Thursday, 29 December 2016
Unrooted: "A Monster Calls"
A Monster Calls is abandonment trauma rendered as effects-heavy fantasy: the sense of loss we feel is not quite the one we're supposed to feel. The Spanish director J.A. Bayona (The Orphanage, The Impossible) has enlisted author Patrick Ness to adapt his own book about one Callum O'Malley (played here by newcomer Lewis MacDougall), a bullied schoolboy living with a terminally ill mother (Felicity Jones) in the furthest reaches of the English countryside. One night at 12.06am, when the sleepless Callum is doodling, the giant yewtree in the cemetery beyond his bedroom window suddenly uproots itself and marches towards the house, threatening - in the gruff tones of Liam Neeson - to tell our boy three stories on three successive nights, eliciting a fourth in turn from the listener. Given that these tales arrive in the form of Useful Moral Lessons - "there is not always a good guy, nor is there always a bad guy; most people are somewhere in between" - the tree emerges as somewhere between a tutor and a therapist, without the sense of humour.
He (it?) is quite the sight, however. Bayona's first movies have established him as something like a supply-teacher Guillermo del Toro, a not ungifted fabulist with a particular facility for integrating substantial handfuls of pixels into the design of his dark bedtime stories. This Monster looks like a gnarly offshoot of del Toro's Faun from Pan's Labyrinth, and he forms a workable little-and-large pairing with the kid: instead of climbing up into the tree's branches to hear his tales, Cal finds himself plucked out of his bedroom window and cradled in a woody fist. With The Impossible, Bayona bequeathed the world its latest Spider-Man (in Tom Holland), and it's clear he has an eye for durable young performers. MacDougall has a fierce, heavy-lidded look that suggests a boy finding out about life the hard way - overhearing snippets of fraught adult conversation, watching mum waste away before his eyes. The young lead deserves extra brownie points for maintaining his expression of cowed awe whenever the tree shows up - because the monster calls to bore us to sleep with these fairytales, all of which seem to revolve around how amazing the tree is.
Having a catalyst who's a big barky bore is one problem with Bayona's film; another is that the reality from which Callum longs to escape never really convinces. Mother and son occupy a small corner of England that looks for all the world like a set - or massive green screen - and which doesn't ever connect with the terraced streets on which the boy's grandmother (Sigourney Weaver, with slightly off Limey accent) is shown to live. Weaver is typically imposing, and she has one great scene in which she acknowledges the rage coursing down this bloodline by helping the kid trash her own front parlour, but still: were there really no comparably bankable British actresses available to play this part? At every turn, A Monster Calls betrays signs that it had too much damn money at its disposal, that it felt compelled to blow up Callum's humdrum normality, his everyday tragedy, into the business of blockbusting Marvel-era multiplex product. A damp seaside day out with dad (Toby Kebbell) thus finds itself lavished with a full orchestral score; it climaxes with a meal in a Chinese restaurant that could conceivably house five-sevenths of the Chinese population.

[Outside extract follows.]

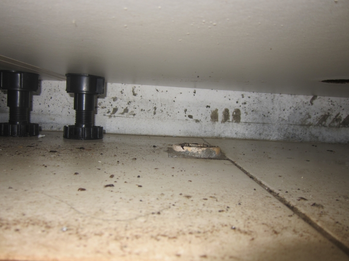 踢腳板看起來不像活動式的,請櫥櫃公司來處理,或者你會簡單木工,就可以暴力拆,有問題再買新的踢腳板重裝,你的排水孔有點小可能也要請櫥櫃公司幫你擴孔再蓋上修飾蓋,另外你的排水孔以後也有阻塞通管的需求,趁這次也把踢腳板改活動式的,方便以後通管維護,所以不要掙扎了請櫥櫃公司來處理是最實際的做法,否則自己搞的錢比請櫥櫃公司來還更多

You can goggle or be knocked out by the spectacle, sure - the early reviews suggest many trusted friends and colleagues have - but to these eyes, Bayona never gets close to achieving the intimacy he was surely aiming for, or which Ness surely achieved the minute his book started to be imparted as bedtime fare: the film's just too big for anything like that, and even when the camera does deign to get up close, in those scenes between Jones and MacDougall, the space around the players looks perilously plasticky, virtual, hollow even. (Bayona's next gig will be directing the Jurassic World sequel; this feels like a rehearsal.) Grief is such that I couldn't honestly predict the effect A Monster Calls might have on anybody going through a similar predicament: the film might be a source of consolation, but then again, it could just as easily be a chore, not least as it resembles so many of the overprogrammed smash-'em-ups currently bouncing around the multiplex. "I want it to be over!", Callum hollers at the point of acceptance Ness's five-stage narrative is building towards; grown-ups may express something similar in the face of Bayona's bludgeoning methodology.
A Monster Calls opens in cinemas nationwide from New Year's Day.